What makes this even harder is that you still have to know all that chaos going on around you. Some part of your brain has to stay acutely aware of it all. (That's the subject of chapter 2, "Total Situational Awareness.") You never fully let go of it, not for a millisecond. You've just trained yourself to tune it out and stay in total focus.
I call that central area of total focus my "red circle"-hence the title of my first book-and it's as critical to business as it is to Spec Ops warfare.
I talked recently with a friend who runs a graphic design business. "I have this great business idea," she told me. "We'd create this virtual concierge service for people visiting New York City who need anything-a good restaurant reservation, dry cleaning, a manicure, whatever. Start here and take it to other cities. I think the idea's killer," she added, "but I can't do it on my own. I need a partner."
Here we go again, I thought. Probably just what Todd Dakarmen thought that first day we talked. The truth is, hers wasn't a bad concept. It may even be a good one. I think there's something there. But is it something she should pursue? And if she does, what happens to the design business?

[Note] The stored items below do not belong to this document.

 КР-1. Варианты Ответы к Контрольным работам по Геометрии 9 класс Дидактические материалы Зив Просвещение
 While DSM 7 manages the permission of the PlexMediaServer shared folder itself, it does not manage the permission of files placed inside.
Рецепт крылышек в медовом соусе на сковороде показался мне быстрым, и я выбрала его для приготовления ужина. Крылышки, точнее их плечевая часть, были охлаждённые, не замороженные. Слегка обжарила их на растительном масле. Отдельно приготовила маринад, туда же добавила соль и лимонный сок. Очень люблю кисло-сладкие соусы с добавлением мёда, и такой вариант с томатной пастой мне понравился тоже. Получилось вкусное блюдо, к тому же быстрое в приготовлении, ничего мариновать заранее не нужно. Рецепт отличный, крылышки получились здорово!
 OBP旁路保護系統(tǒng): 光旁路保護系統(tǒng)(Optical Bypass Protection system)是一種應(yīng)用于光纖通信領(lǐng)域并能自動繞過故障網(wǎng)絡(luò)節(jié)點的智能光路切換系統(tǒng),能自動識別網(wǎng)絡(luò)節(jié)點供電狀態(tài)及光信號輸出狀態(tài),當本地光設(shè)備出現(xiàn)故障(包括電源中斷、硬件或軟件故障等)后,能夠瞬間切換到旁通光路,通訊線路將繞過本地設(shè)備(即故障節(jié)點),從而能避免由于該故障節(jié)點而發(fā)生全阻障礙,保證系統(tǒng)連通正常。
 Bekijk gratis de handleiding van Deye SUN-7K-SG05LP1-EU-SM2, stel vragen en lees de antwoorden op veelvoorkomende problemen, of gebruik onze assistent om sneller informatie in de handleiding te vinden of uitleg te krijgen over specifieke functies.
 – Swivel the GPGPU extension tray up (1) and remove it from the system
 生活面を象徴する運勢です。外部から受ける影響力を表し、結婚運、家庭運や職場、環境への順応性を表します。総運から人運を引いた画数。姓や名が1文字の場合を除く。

If you can't pour yourself 100 percent into an idea when you start it, then you're starting it half-assed, and you'll never have more than a half-baked plan. When you have a half-baked plan, you can't expect any more than a half-baked outcome.

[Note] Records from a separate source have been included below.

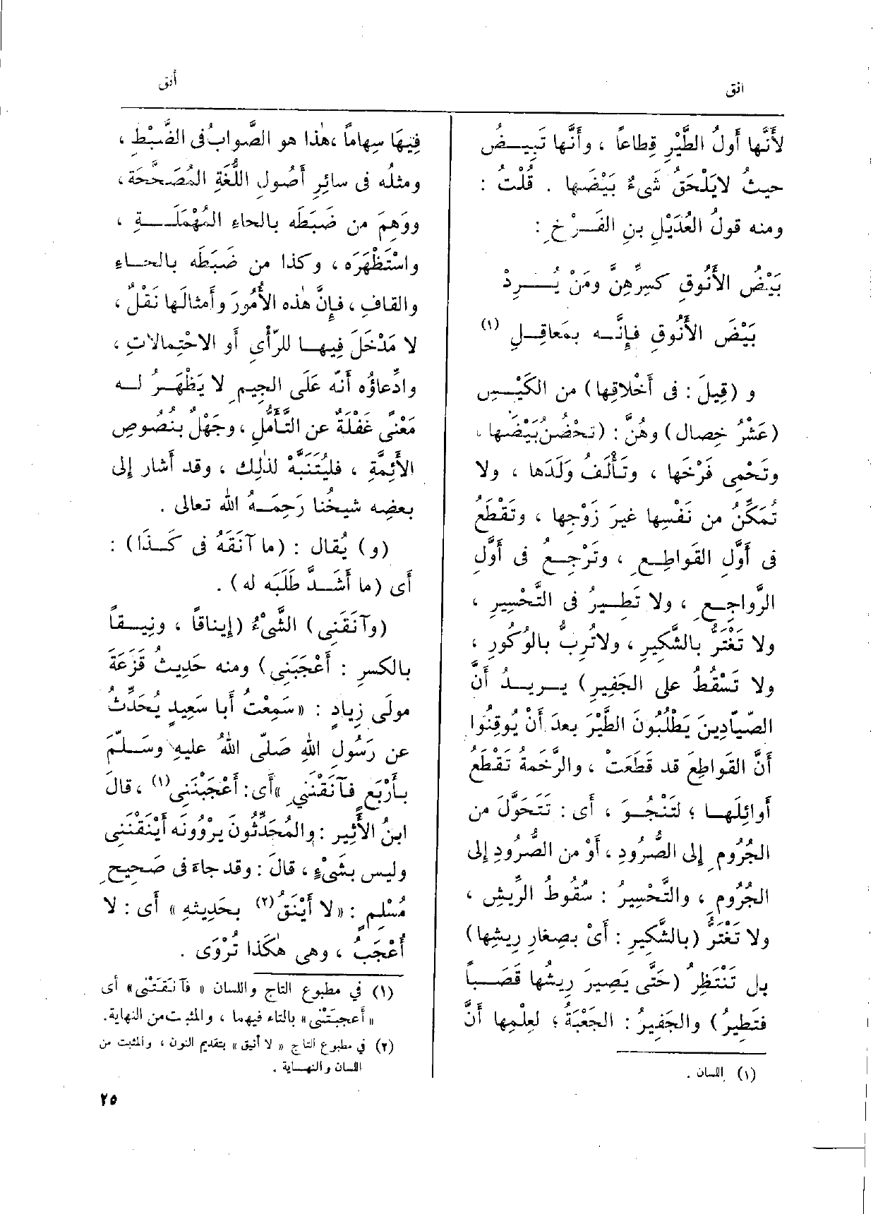 وقِيلَ: فِي أخلاقها من الكَيس عشْرُ خِصال وهنَّ: تحضن بيضها وتحمي فَرْخَها، وتَألَفُ وَلَدَها، وَلَا تمكن من نَفسهَا غير زَوجهَا وتقطع فِي أَوَّلِ القواطع، وَترجع فِي أول الرواجع وَلَا تطير فِي التحسير وَلَا تغتر بالشكير وَلَا ترب بالوكور. وَلَا تسْقط على الجفير يُرِيد أَن الصيادين يطْلبُونَ الطير بعد أَن يوقنوا أَن القواطع قد قطعت والرخمة تقطع أوائلها لتنجو، أَي تتحول من الجروم إِلَى الصرود أَو من الصرود إِلَى الجروم والتحسير سُقُوط الريش وَلَا تغتر بالشكير أَي صغَار ريشها، بل ينْتَظر حَتَّى يصير ريشها قصباً فتطير والجفير الجعبة لعلمها أَن فِيهَا سِهاماً، هَذَا هُوَ الصَّوَاب فِي الضَّبْط، مثله فِي سائِرِ أصُول اللغَةِ المصححة وَوهم من ضَبطه بِالْحَاء وَالْقَاف فَإِن هَذِه الْأُمُور وأمثالها نقل لَا مَدْخَلَ فِيها للرأْي أَو الِاحْتِمَالَات وادِّعاؤُه أَنه علَى الْجِيم لَا يظْهر لَهُ معنى غَفلَة عَن التَّأَمُّل، وجَهل بنصوص الأَئِمَّة، فليُتنَبَّهْ لذَلِك، وَقد أَشار إِلَى بعضه شيخُنا رَحِمه الله تَعَالَى وَيُقَال: مَا {آنقه فِي كَذَا أَي مَا أَشد طَلَبَه لَهُ.} - وآنَقَني الشَّيْء {إِيناقاً،} ونيقاً بالكسرِ: أَعجَبَنِي وَمِنْه حَدِيث قزّعة مولَى زِيادِ: سَمِعت أَبا سعِيدٍ يحَدَث عَن رَسُولِ الله صَلىّ اللهُ عليهِ وَسلم بأَربع {فآنَقننيَ أَي: أَعْجَبْني، قَالَ ابْن الأَثِير: والمحَدَثونَ يَرْوُونَهُ} أينقنني وَلَيْسَ بشَيء، قالَ: وَقد جَاءَ فِي صحِيح مُسْلِمً. لَا! أَيْنَقُ بحدِيثهِ أَي: أعجَبُ، وَهِي هكَذا تُروَى.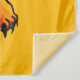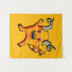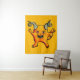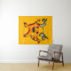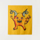 Uma tapeçaria bonita para crianças de demônios com um desenho animado divertido de uma criatura de demônio amarelada estranha com chifres sorrindo alegremente e mostrando seus dentes afiados sobre fundo amarelo quente, excelente para crianças.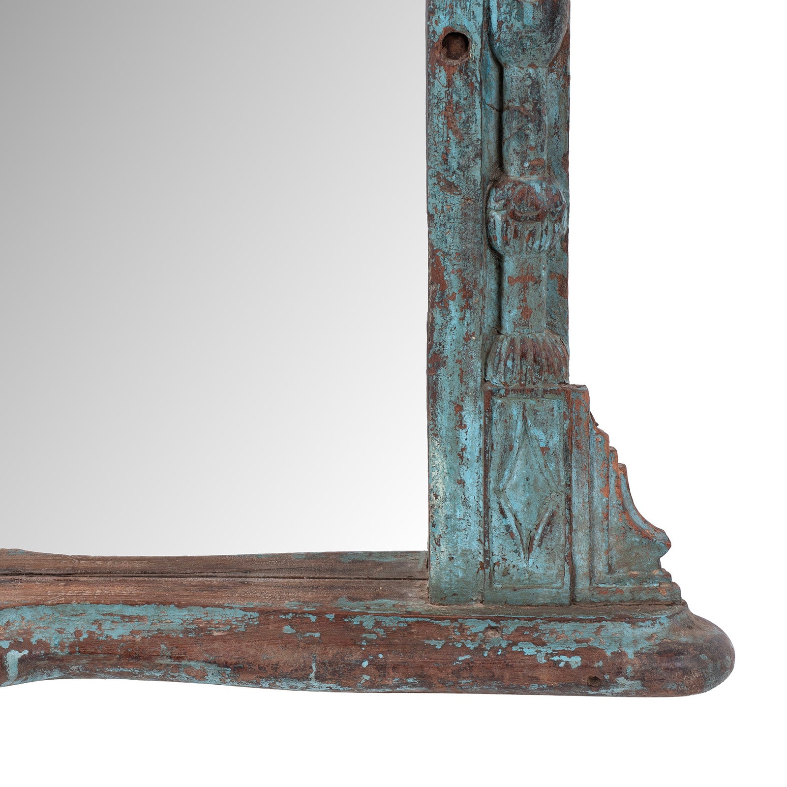 This characterful painted mirror has been created from an original 19th-century carved teak window frame, preserving the architectural charm and craftsmanship of historic Indian design. The frame is detailed with scrolling floral carvings, rounded vertical elements, and decorative corner brackets. Layers of worn turquoise paint reveal the teak beneath, giving the piece a beautifully aged patina.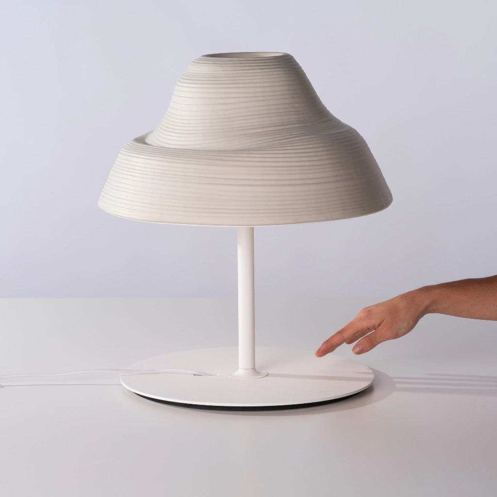 Lámpara de mesa de luz semi directa. Cuerpo en cerámica, aluminio y acero. Difusor de metacrilato esmerilado.

By nature, most entrepreneurs have some form of attention deficit disorder. It can be an asset, that spark-and-shoot creativity, but unchecked, it can also be a serious liability. I run into younger entrepreneurs all the time who tell me, "Yeah, I've got three start-ups going," and I don't need to hear any more, because I already know how that story ends. You may think you're going to do three or four things at once and keep that up until one of them shows itself to be the winner-but you're kidding yourself. All you're doing is shortchanging all three or four projects. You need to choose one. Not two. One.
Which one? Of all the great projects you could be working on, which one most merits your undivided attention? There's no definitive, one-size-fits-all approach here, because every person and situation is unique. It may be the one that makes the most sense for your circumstances; the most marketable; the one that taps into your greatest skills; the one that most touches your imagination, quickens your pulse, stirs your soul; the one you've been talking about for the last ten years but never let yourself dive into; or even the one you're most afraid to try. Whatever it is, the best I can tell you is this: once you start asking the question, honestly and earnestly, you'll know the answer. It's that one.
If I had to pick a single core principle for success in business, it would be this: choose one thing, focus on that one thing, and execute it to the absolute limit of your abilities. Focus on your career, invest in yourself, and learn how to say no to everything else.